#### DATASET

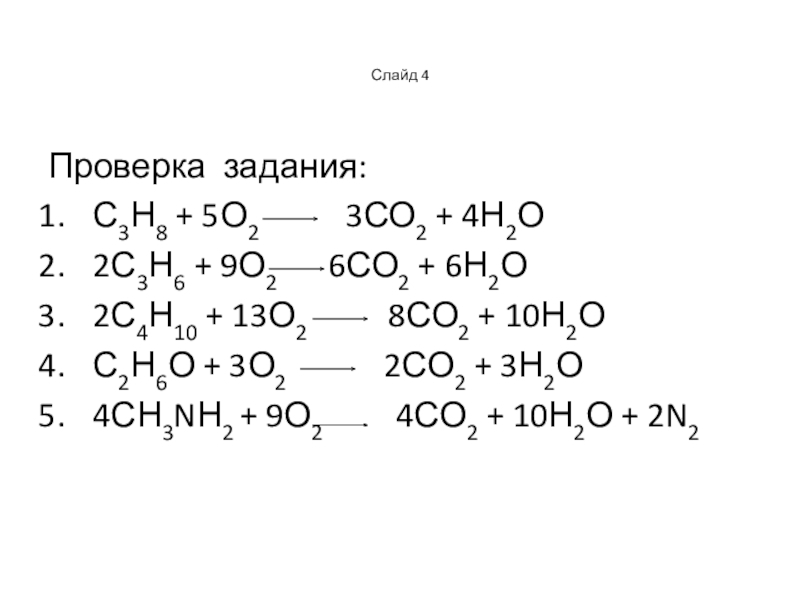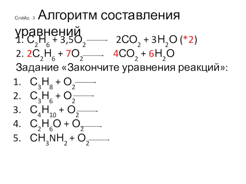 2. 2С2Н6 + 7О2 4СО2 + 6Н2О
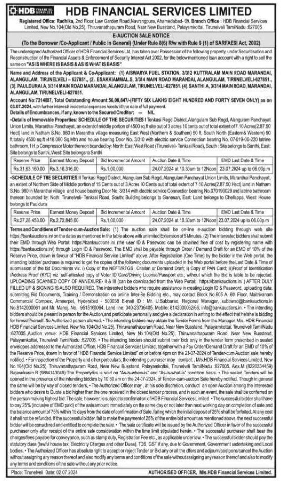 | Inspection Details: | For Inspection : Contact the Authorized Officer : Alex M 8220334459, Rajasekaran R 9894143049 |
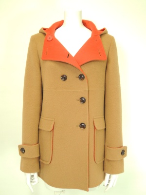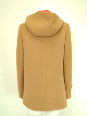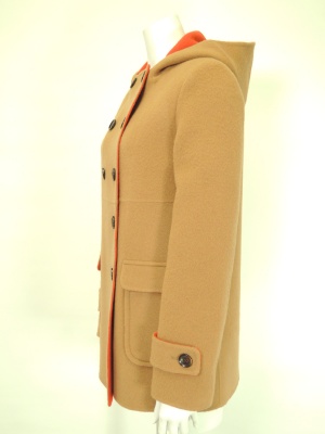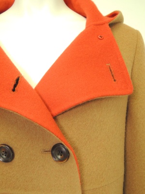 裏の鮮やかな色合いが目を引く、ダブルフェイスのコート。
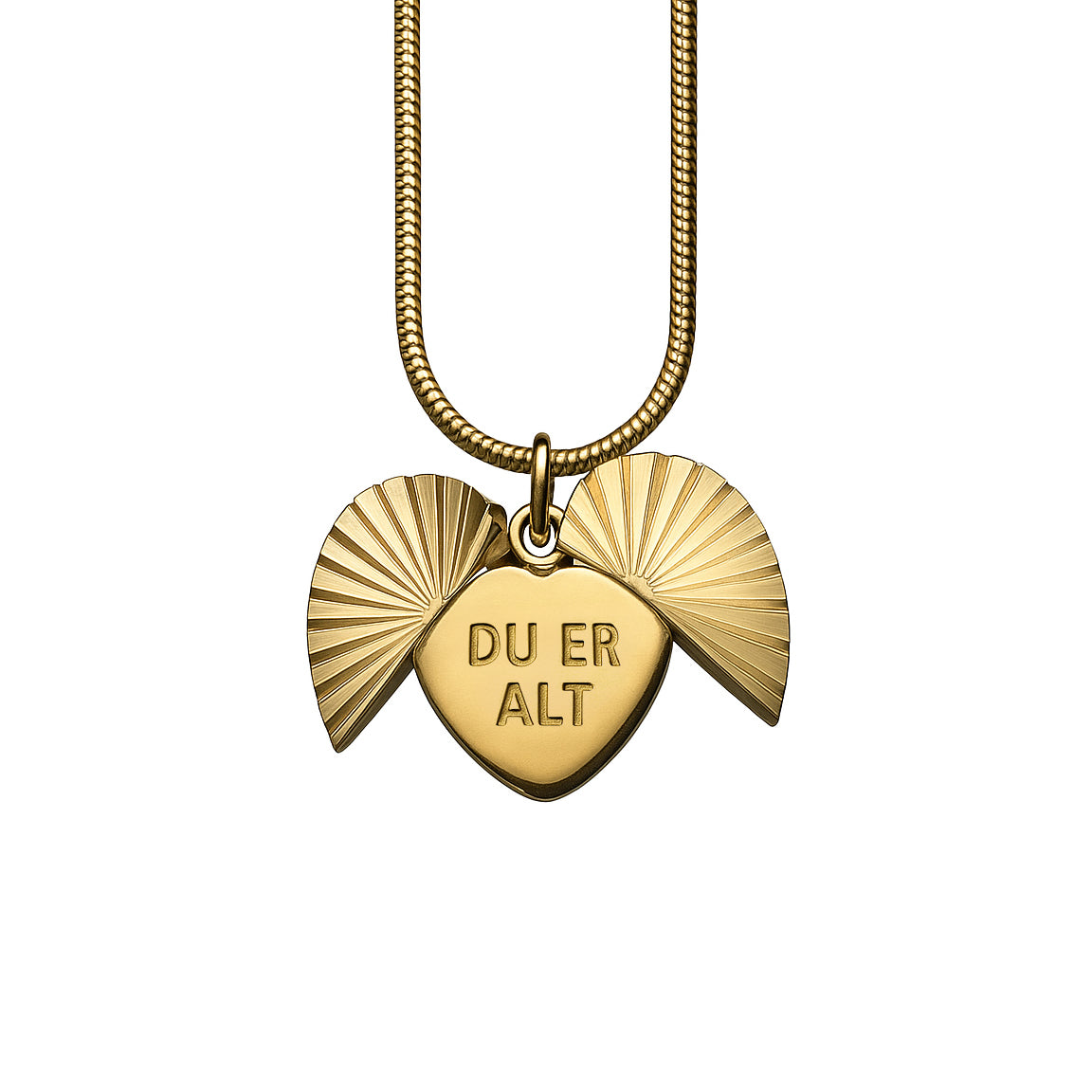Dette betydningsfulle halskjedet har teksten “STERK SOM FAEN” som et kraftfullt mantra, en påminnelse om egenverdi og styrke. Hjerteåpner smykket er et smykke som rommer mer enn et lekkert hjerte – det rommer en tekst fylt med kjærlighet. På dette smykket står det STERK SOM FAEN på hjertet som kommer frem når man åpner det. Da vil også det åpnede hjerte ligne et sett med englevinger.
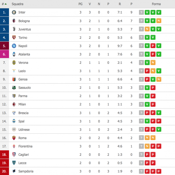 Fanno rumore le sconfitte di Lazio, che in vantaggio, si fa rimontare 2-1 dalla Spal, e Brescia che passa dal 3-1 del primo tempo al 3-4 di fine gara con il Bologna. Bella vittoria anche del Cagliari che batte a domicilio 1-3 il Parma, gara terminata dopo ben 12 minuti di recupero!
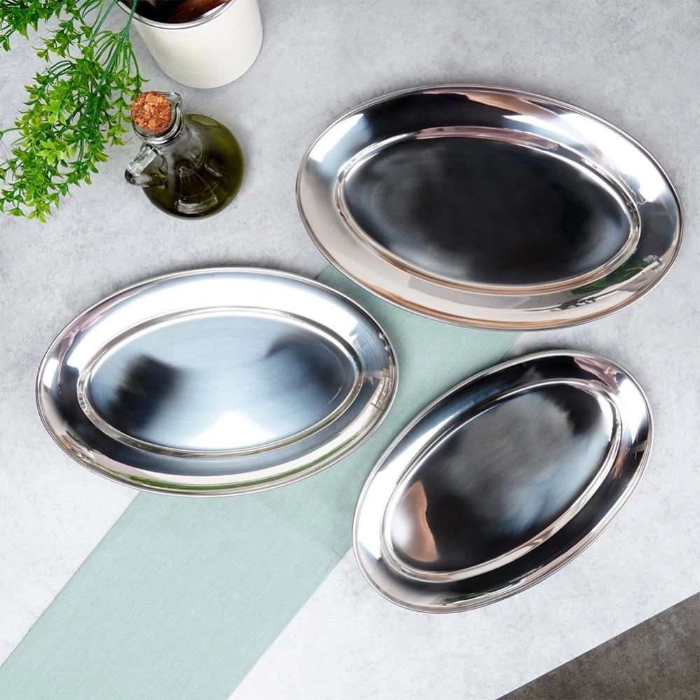 - Zestaw 3 szt. półmisków - Zestaw trzech tac do serwowania przekąsek, przystawek, dań, kanapek. Każda z tac jest w owalnym kształcie. Duża taca ma wymiary 34 x 21,5 cm, średnia taca ma wymiary 32 x 20 cm, mała taca ma wymiary 29 x 18 cm.
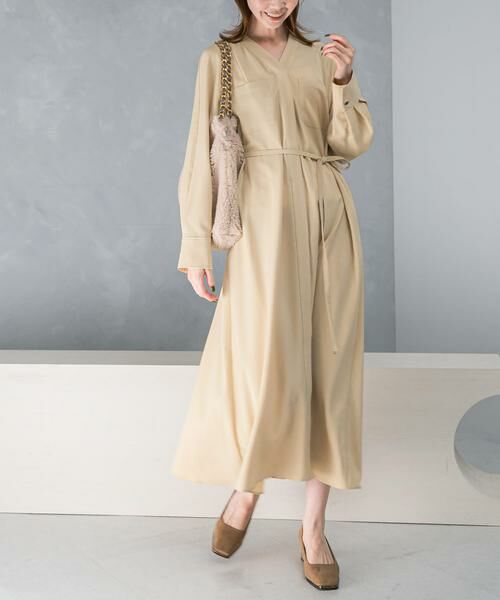 Vネックの抜け感が女性らしさを引き立てる、綺麗めワンピース。ウール調の上品な風合いで季節感を漂わせながらも、マシンウォッシャブル対応で気兼ねなく着られるのも嬉しいポイント。体型問わず着用していただきやすいよう、Vネックの開きやサイズ感にもこだわったデザインに仕上げました。共地のウエストリボンを結べば、メリハリのあるシルエットに◎きちんと感の中にさりげないカジュアルさもプラスした、幅広いシーンで重宝する一着です。

########

-- YOUR ASSIGNMENT --
Among the entries above, take the lines from the one with "R 9894143049 |" through the one with "裏の鮮やかな色合いが目を引く、ダブルフェイスのコート。" and retype them exactly, leaving out the pictures.

-- OUTPUT OF THE EXERCISE --
 | Inspection Details: | For Inspection : Contact the Authorized Officer : Alex M 8220334459, Rajasekaran R 9894143049 |
 裏の鮮やかな色合いが目を引く、ダブルフェイスのコート。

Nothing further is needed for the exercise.